___ Records to use
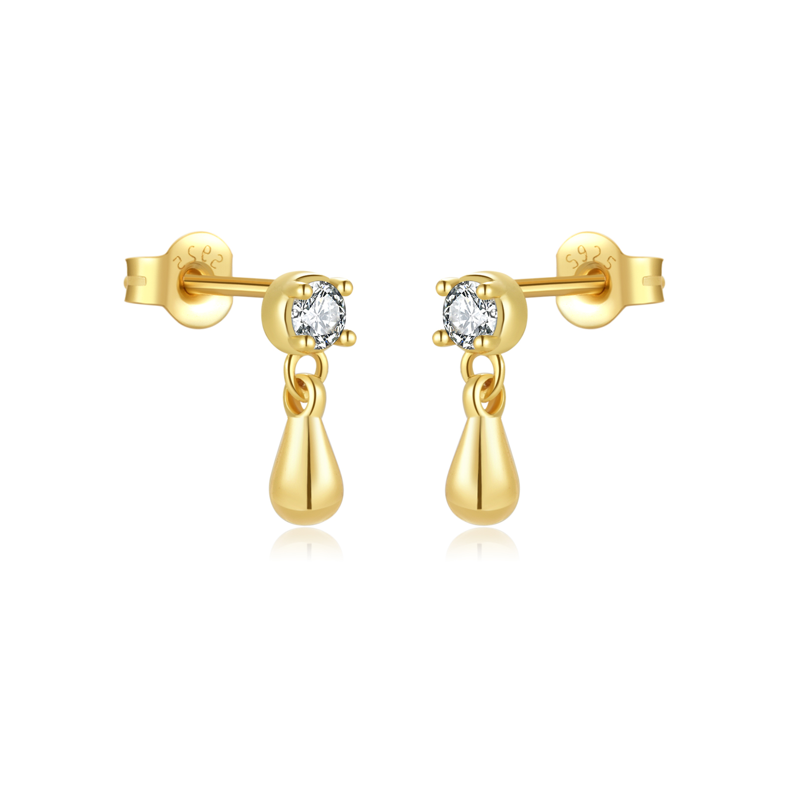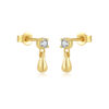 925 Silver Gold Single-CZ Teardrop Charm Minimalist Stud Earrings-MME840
______
___ Records to use
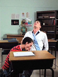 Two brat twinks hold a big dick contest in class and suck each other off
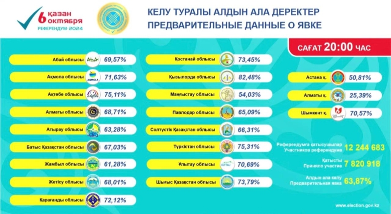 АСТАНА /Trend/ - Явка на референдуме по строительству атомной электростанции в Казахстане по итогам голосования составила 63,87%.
______
Range to copy from the listing above: the line containing "Two brat twinks" down to the line containing "АСТАНА /Trend/ - Явка", both included. Reproduce it exactly, minus the pictures, and add nothing.

 Two brat twinks hold a big dick contest in class and suck each other off
 АСТАНА /Trend/ - Явка на референдуме по строительству атомной электростанции в Казахстане по итогам голосования составила 63,87%.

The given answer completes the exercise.